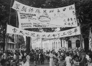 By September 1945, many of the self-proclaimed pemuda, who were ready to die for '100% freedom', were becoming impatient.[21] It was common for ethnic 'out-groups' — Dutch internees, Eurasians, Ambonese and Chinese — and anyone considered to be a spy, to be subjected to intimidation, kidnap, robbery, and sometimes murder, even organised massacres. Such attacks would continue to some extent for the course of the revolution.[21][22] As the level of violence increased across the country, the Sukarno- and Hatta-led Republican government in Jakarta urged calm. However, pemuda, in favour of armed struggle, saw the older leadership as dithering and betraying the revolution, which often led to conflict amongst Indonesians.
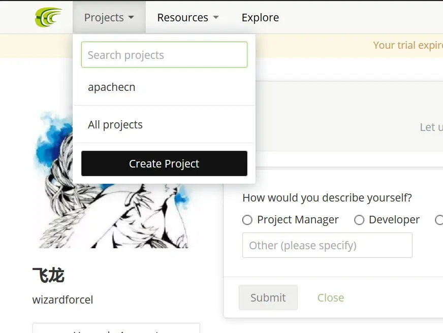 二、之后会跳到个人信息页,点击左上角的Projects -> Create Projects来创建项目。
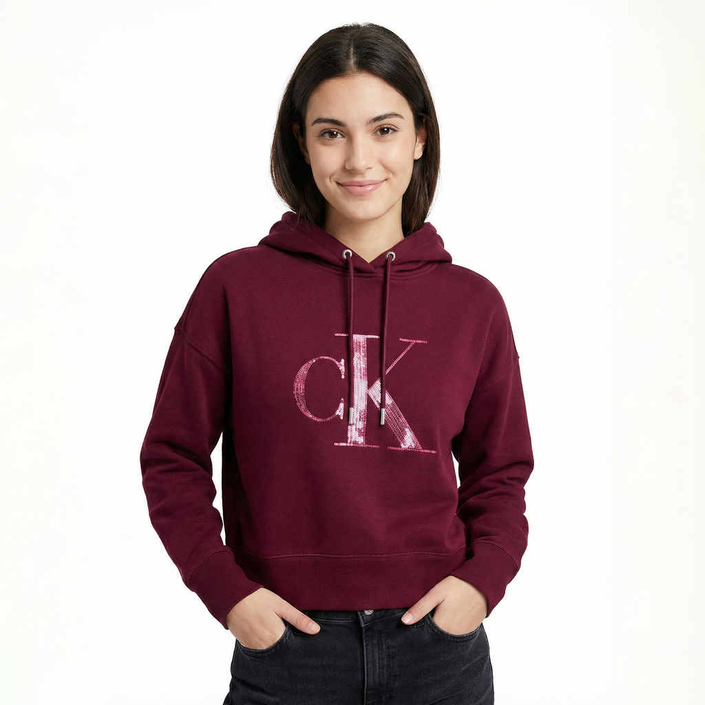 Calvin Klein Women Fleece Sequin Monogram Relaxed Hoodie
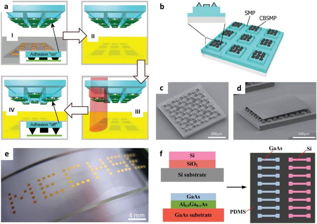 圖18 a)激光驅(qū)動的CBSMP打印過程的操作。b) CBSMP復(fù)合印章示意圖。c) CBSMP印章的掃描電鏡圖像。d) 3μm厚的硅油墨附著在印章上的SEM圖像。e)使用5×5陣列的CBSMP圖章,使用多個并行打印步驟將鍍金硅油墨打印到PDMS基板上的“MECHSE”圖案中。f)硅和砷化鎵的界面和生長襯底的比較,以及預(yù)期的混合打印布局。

• • • • •

» What is required:
Give back the whole of the material exactly, with the pictures removed.

» Response for this exercise:
 By September 1945, many of the self-proclaimed pemuda, who were ready to die for '100% freedom', were becoming impatient.[21] It was common for ethnic 'out-groups' — Dutch internees, Eurasians, Ambonese and Chinese — and anyone considered to be a spy, to be subjected to intimidation, kidnap, robbery, and sometimes murder, even organised massacres. Such attacks would continue to some extent for the course of the revolution.[21][22] As the level of violence increased across the country, the Sukarno- and Hatta-led Republican government in Jakarta urged calm. However, pemuda, in favour of armed struggle, saw the older leadership as dithering and betraying the revolution, which often led to conflict amongst Indonesians.
 二、之后会跳到个人信息页,点击左上角的Projects -> Create Projects来创建项目。
 Calvin Klein Women Fleece Sequin Monogram Relaxed Hoodie
 圖18 a)激光驅(qū)動的CBSMP打印過程的操作。b) CBSMP復(fù)合印章示意圖。c) CBSMP印章的掃描電鏡圖像。d) 3μm厚的硅油墨附著在印章上的SEM圖像。e)使用5×5陣列的CBSMP圖章,使用多個并行打印步驟將鍍金硅油墨打印到PDMS基板上的“MECHSE”圖案中。f)硅和砷化鎵的界面和生長襯底的比較,以及預(yù)期的混合打印布局。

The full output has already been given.